Items from a dataset
= = = = =

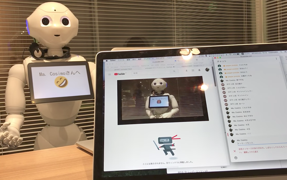 Youtube LiveにPepperが登場! 視聴者がYoutubeを通してコメントを送るとそれに対応した会話や動作をPepperがしてくれます。雑談APIで基本的な会話を可能にし、感情解析APIでPepperの苦手な感情表現にも挑戦しました。 展望としてはYoutuberとして色んな挑戦をさせたり、商品紹介などLIVE ECとしての実用性も期待しています。
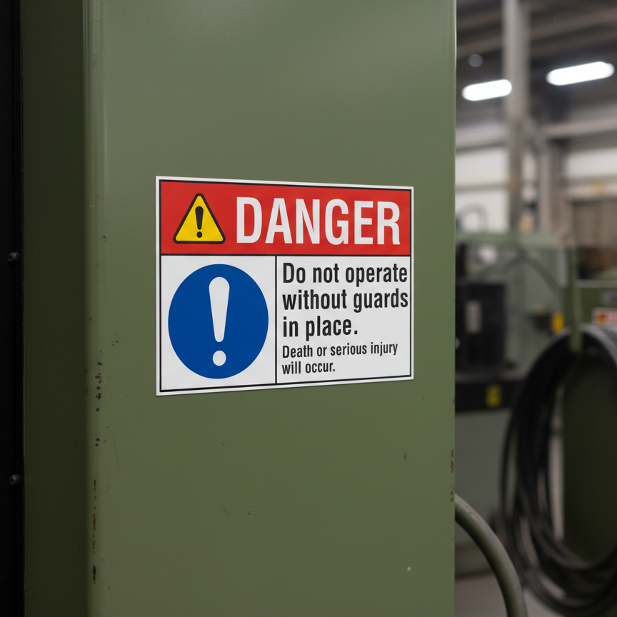 The Danger Do not operate without guards in place. Death or is designed to provide exceptional performance and longevity in a variety of environments. this sign component ensures strength and weather resistance, making it ideal for both indoor and outdoor applications. With a size specification of 10X7, 14X10, 5X3.5, 7X5, it fits standard installation requirements while offering versatility for different mounting setups. Whether you’re updating an existing setup or building new signage, this item ensures a reliable, high-quality finish that represents your brand or message clearly and professionally.
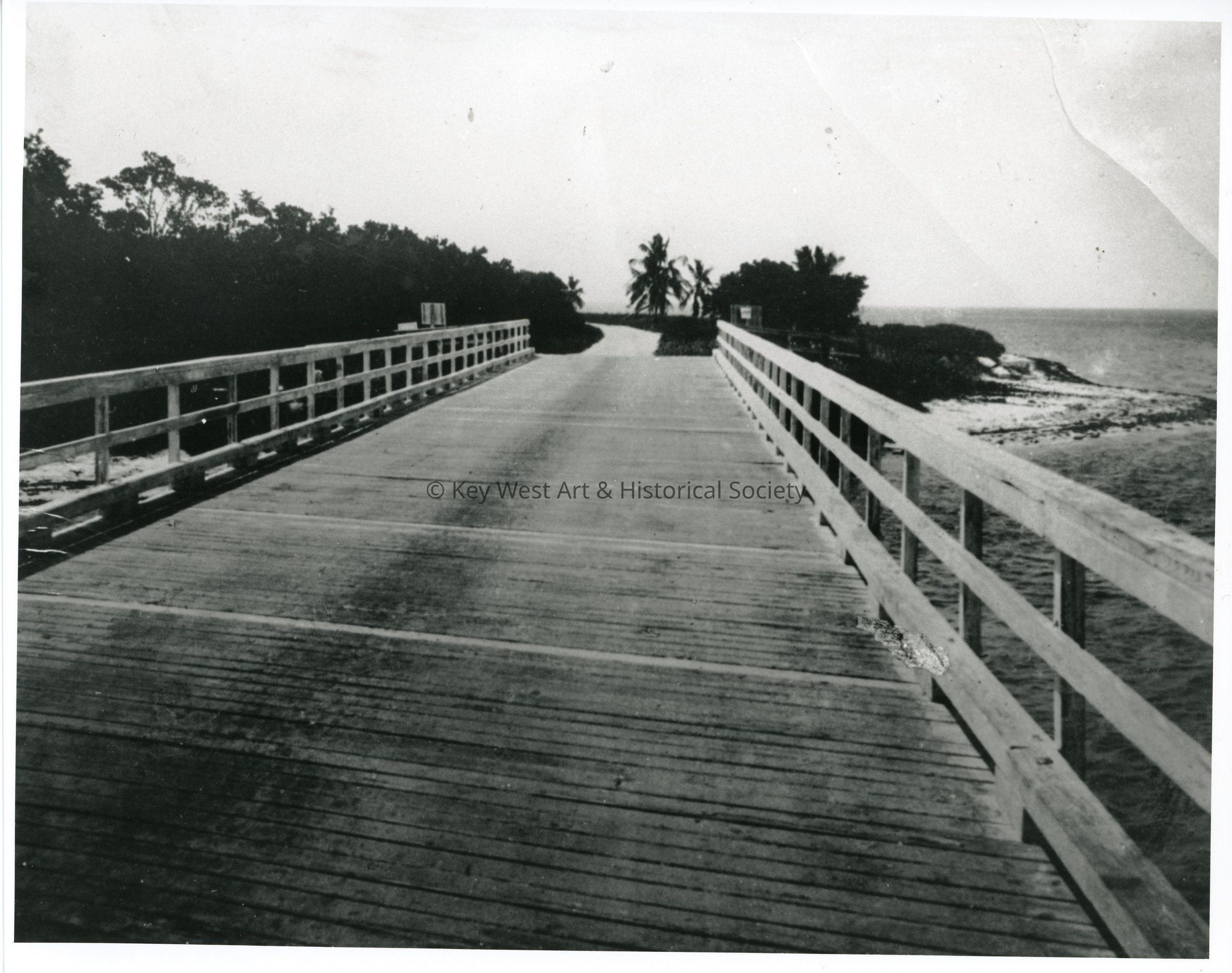 Black and white photograph of an original wooden bridge that made up the Overseas Highway.
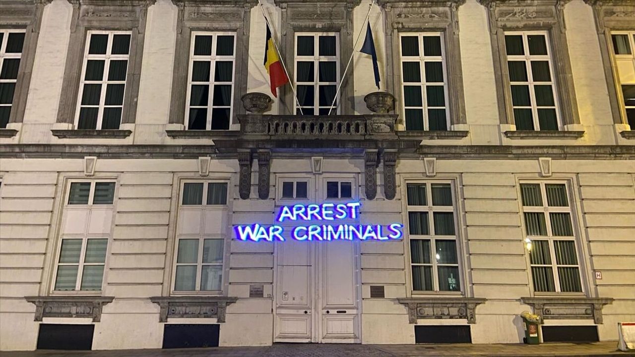Aktivistlerin, Brüksel'deki federal hükümet binasına "Savaş suçlularını tutuklayın" yazısı yansıttığı belirtilen açıklamada, şunlar kaydedildi:
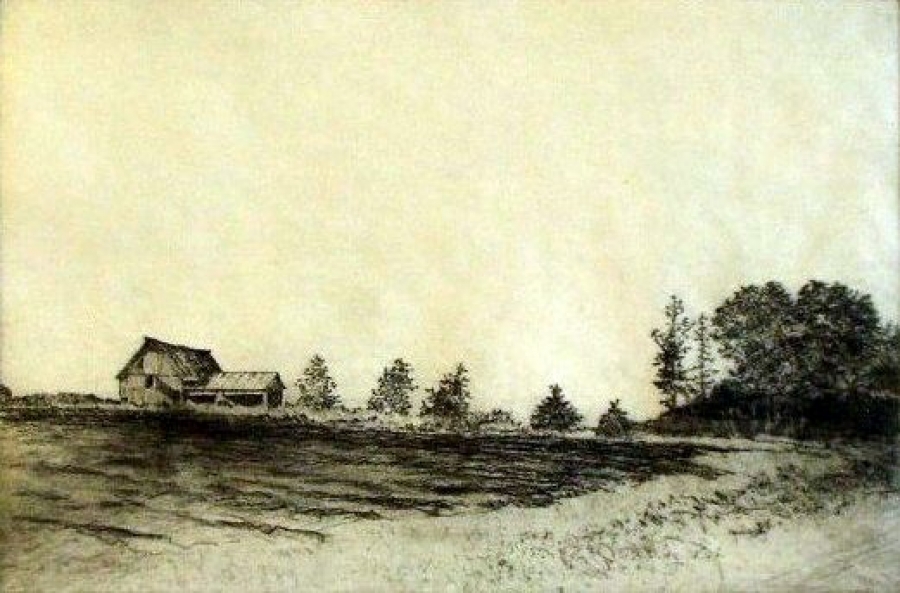 A view I passed every day on the way home from work. The barn was burned. I did a ball point pen drawing of it in 1984 and based this etching on that. The plate was completed in July of 2004.

= = = = =

◆ **TASK STATEMENT**: Drop the pictures and set down the data above exactly.

◆ **TASK SOLUTION**:
 Youtube LiveにPepperが登場! 視聴者がYoutubeを通してコメントを送るとそれに対応した会話や動作をPepperがしてくれます。雑談APIで基本的な会話を可能にし、感情解析APIでPepperの苦手な感情表現にも挑戦しました。 展望としてはYoutuberとして色んな挑戦をさせたり、商品紹介などLIVE ECとしての実用性も期待しています。
 The Danger Do not operate without guards in place. Death or is designed to provide exceptional performance and longevity in a variety of environments. this sign component ensures strength and weather resistance, making it ideal for both indoor and outdoor applications. With a size specification of 10X7, 14X10, 5X3.5, 7X5, it fits standard installation requirements while offering versatility for different mounting setups. Whether you’re updating an existing setup or building new signage, this item ensures a reliable, high-quality finish that represents your brand or message clearly and professionally.
 Black and white photograph of an original wooden bridge that made up the Overseas Highway.
Aktivistlerin, Brüksel'deki federal hükümet binasına "Savaş suçlularını tutuklayın" yazısı yansıttığı belirtilen açıklamada, şunlar kaydedildi:
 A view I passed every day on the way home from work. The barn was burned. I did a ball point pen drawing of it in 1984 and based this etching on that. The plate was completed in July of 2004.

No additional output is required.